Son travail intégrera également l’ensemble des effectifs des polices municipales. Malgré un cadre d’emploi différent notamment concernant l’usage des armes, la police municipale procède également à des contrôles routiers et un retour d’expérience est nécessaire.

La commission d’enquête s’attachera à évaluer l’impact de la modification législative introduite en février 2017 sous la présidence de François Hollande, qui assouplit l’usage des armes en France pour la police, sur le recours à l’usage des armes à feu. Un bilan statistique sera en ce sens nécessaire pour objectiver la situation.
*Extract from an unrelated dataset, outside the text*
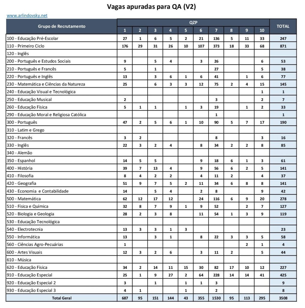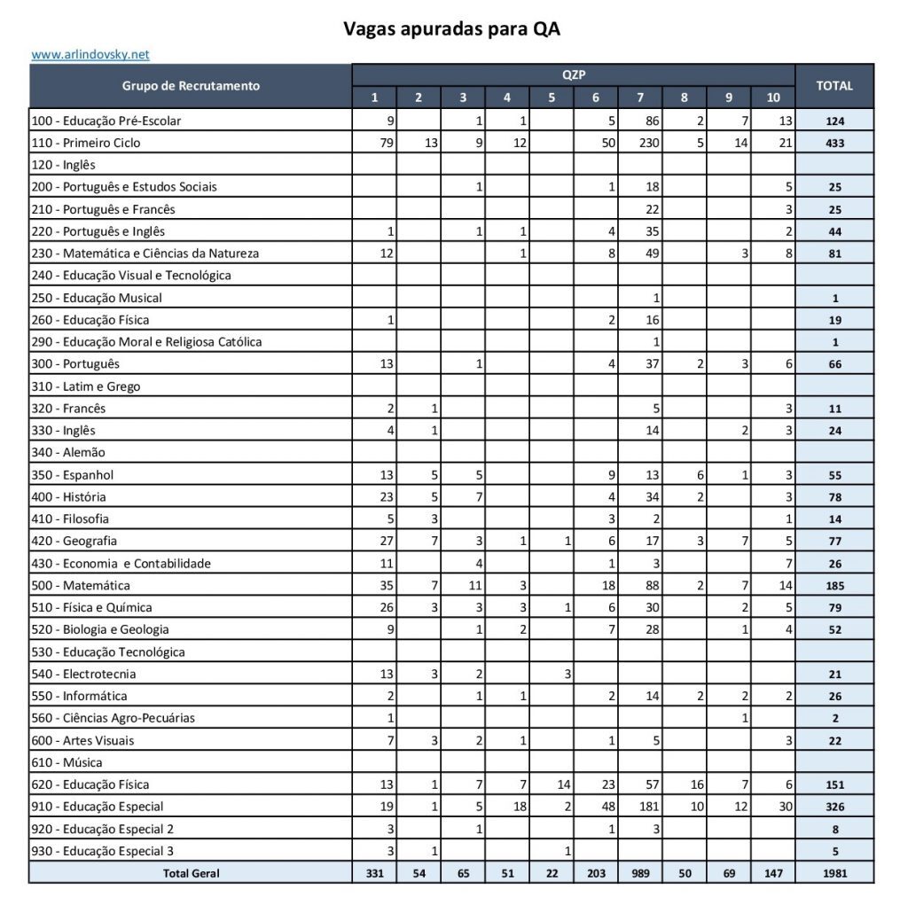 As cerca de 2000 vagas apuradas, distribuídas por QZP e Grupo de Recrutamento estão apresentadas no quadro seguinte.

Elle objectivera également l’évolution de la réglementation conduisant à la multiplication des contrôles, que beaucoup de policiers et gendarmes estiment inutiles voire contre‑productifs et dangereux.

La commission d’enquête procèdera également à une analyse des pratiques existantes dans d’autres pays par le biais d’études comparatives (notamment les barres et herses stop stick ou encore l’utilisation de produits de marquage).

À l’aune de l’enquête ([1]) de janvier 2017 sur l’accès aux droits intitulé « Relations police / population : le cas des contrôles d’identité » du Défenseur des droits et du récent rapport ([2]) de juillet 2021 de la mission intitulée « La lutte contre les discriminations dans l’action des forces de sécurité », l’analyse sous l’angle des discriminations ne peut être écartée et doit nourrir toute approche de réflexion afin d’offrir les perspectives les plus complètes de réduction des risques.

Enfin, la commission d’enquête observera les évolutions des comportements des citoyennes et des citoyens sur la route, afin de mettre en exergue la pluralité de causes qui explique l’augmentation des situations de tension. Elle évaluera les évolutions législatives du code de la route, notamment au regard de l’instauration du permis à points, de la réglementation sur l’obligation d’assurance,…

En conclusion, la commission d’enquête devra formuler des recommandations afin de réduire les risques dans les interventions des effectifs de police et de gendarmerie.

– À court terme, elle précisera les instructions hiérarchiques précises que devrait prendre le ministère de l’intérieur pour faire respecter les principes de proportionnalité et d’absolue nécessité à destination des directeurs départementaux.

– À moyen terme, elle formulera des propositions de modifications de la loi afin de réduire les risques lors des interventions des effectifs de police et de gendarmerie et des dépénalisations des comportements routiers.

– À long terme, elle proposera des ajustements des formations et des moyens nouveaux pour la réalisation des missions.


proposition de rÉsolution

Article unique

En application des articles 137 et suivants du règlement de l’Assemblée nationale, il est créé une commission d’enquête, composée de trente membres, chargée :

1° De réaliser un état des lieux du cadre normatif et des doctrines d’intervention des effectifs de la police et de la gendarmerie lors des opérations routières ;

2° D’évaluer l’impact de l’introduction en 2017 de l’article L. 435‑1 du code de la sécurité intérieure sur le recours à l’usage des armes à feu par les agents de la police nationale et les militaires de la gendarmerie nationale ;

3° De réaliser un état des lieux des formations et équipements mis à la disposition des policiers et gendarmes pour intervenir dans des opérations routières. Des études comparatives devront utilement alimenter les travaux ;

4° De rendre compte de l’évolution de la législation routière et des comportements des citoyennes et des citoyens sur la route.


([1]) « Enquête sur l’accès aux droits Volume 1 - Relations police / population : le cas des contrôles d’identité », Défenseur des droits, janvier 2017 - rapport-enquete_relations_police_population-20170111_1.pdf (defenseurdesdroits.fr)

([2]) « La lutte contre les discriminations dans l’action des forces de sécurité » Mission confiée par Monsieur Gérald Darmanin, ministre de l’intérieur, Monsieur Eric Dupond-Moretti, garde des Sceaux, ministre de la justice, Christian Vigouroux Président de section honoraire, Conseil d’État, Florian Roussel, Maître des requêtes, Conseil d’État, juillet 2021 - Publication du rapport sur la lutte contre les discriminations dans l’action des forces de sécurité - Ministère de l'Intérieur (interieur.gouv.fr).